Most Singaporeans will have heard of local restaurant chain, Astons, which touts an adequate serving of chicken, fish or beef at a fairly reasonable price. Having thoroughly expanded in the business of Western cuisine, restaurateur Aston Soon is setting his sights a little closer to home this time with his new Japanese store, BIZEN.
Bizen is a city in the Okayama prefecture, famous — not for their beef, but for their pottery. Nevertheless, Soon notes that he was incredibly inspired by the farms he’s visited, and the farmers he’s acquainted himself with, and lo and behold, we have BIZEN.
Situated right in the heart of Singapore at Plaza Singapura’s new ‘phygital’ area NomadX, BIZEN will be a great choice for nights out with friends or dates. And the best thing is, it won’t carve a giant chunk from your wallet — a legitimate concern when dining out in the city.

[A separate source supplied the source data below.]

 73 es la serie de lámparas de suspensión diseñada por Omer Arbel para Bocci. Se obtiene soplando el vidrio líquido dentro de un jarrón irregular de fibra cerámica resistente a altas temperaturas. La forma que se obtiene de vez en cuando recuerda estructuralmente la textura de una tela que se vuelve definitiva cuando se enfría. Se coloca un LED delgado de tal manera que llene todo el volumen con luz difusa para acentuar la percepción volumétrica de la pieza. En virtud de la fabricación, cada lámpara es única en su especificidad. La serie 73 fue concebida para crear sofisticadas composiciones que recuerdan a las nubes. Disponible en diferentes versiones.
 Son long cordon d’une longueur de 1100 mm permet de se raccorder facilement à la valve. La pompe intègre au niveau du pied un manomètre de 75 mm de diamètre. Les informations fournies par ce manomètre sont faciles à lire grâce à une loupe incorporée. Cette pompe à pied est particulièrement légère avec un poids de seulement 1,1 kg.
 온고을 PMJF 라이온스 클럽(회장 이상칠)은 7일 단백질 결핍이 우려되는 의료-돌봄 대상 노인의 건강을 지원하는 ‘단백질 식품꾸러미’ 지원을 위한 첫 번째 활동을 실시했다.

BIZEN offers several cuts of steak on their menu, but unlike most steakhouses out there, they also offer a pretty comprehensive pictogram that’ll pinpoint the exact part of the cow your steak’s going to come from. Sirloin’s always been a popular choice, but we were also invited to try out the Chuck steak during the tasting session, and it cuts just as smoothly as butter.

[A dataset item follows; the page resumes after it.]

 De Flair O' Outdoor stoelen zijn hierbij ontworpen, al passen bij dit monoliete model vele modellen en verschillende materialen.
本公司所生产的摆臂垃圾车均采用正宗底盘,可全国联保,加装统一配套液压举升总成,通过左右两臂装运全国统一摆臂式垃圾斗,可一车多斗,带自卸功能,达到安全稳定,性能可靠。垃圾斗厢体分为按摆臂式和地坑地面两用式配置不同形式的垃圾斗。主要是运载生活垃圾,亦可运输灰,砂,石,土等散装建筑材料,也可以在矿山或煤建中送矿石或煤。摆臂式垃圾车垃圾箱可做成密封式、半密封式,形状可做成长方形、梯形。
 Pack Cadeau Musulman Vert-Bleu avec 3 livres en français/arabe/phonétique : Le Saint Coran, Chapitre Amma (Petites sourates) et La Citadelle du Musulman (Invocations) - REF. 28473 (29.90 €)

The wagyu beef you see here’s received a grade of B3 — for everyone who’s gone through Cambridge’s O-Level education system, it’s interpreted a little differently from what you’re used to. B indicates the yield of meat from a cow, and 3 the quality (measured in terms of marbling, colour, texture and luster) — which puts it at average, but it should be noted that quality grading in Japan is stringent and reflects the lowest scoring of the four parameters.
Priced at S$22.90 for 150g, with the option to double up at S$39.90, the Chuck steak gets that melt-in-your-mouth texture down to a tee.
The Sirloin’s flavour is a little heavier, and it’s priced at S$29.90 for 150g, and can be doubled up at S$56.90.
While the steaks take out sixty percent of the cow, the remaining bits are used in the burger patties and rice bowls, so everything on the menu’s authentic wagyu as advertised, Soon promised.
You’ll find the appetisers and sides offered a generally familiar fare, in line with most Japanese eateries around here, although Soon admitted that his Western background comes through as he’s still serving up Caeser salad alongside the chawanmushi (steamed egg custard), which are priced at S$7.90 and S$2.80 respectively.
Soon has put a Japanese spin on the Caesar salad with a dash of katsuobushi. And the chawanmushi’s a sheer fluffy delight.
Considering its price point and location, BIZEN is definitely worth checking out if you’ve a taste for wagyu, but aren’t quite willing to break your bank for it.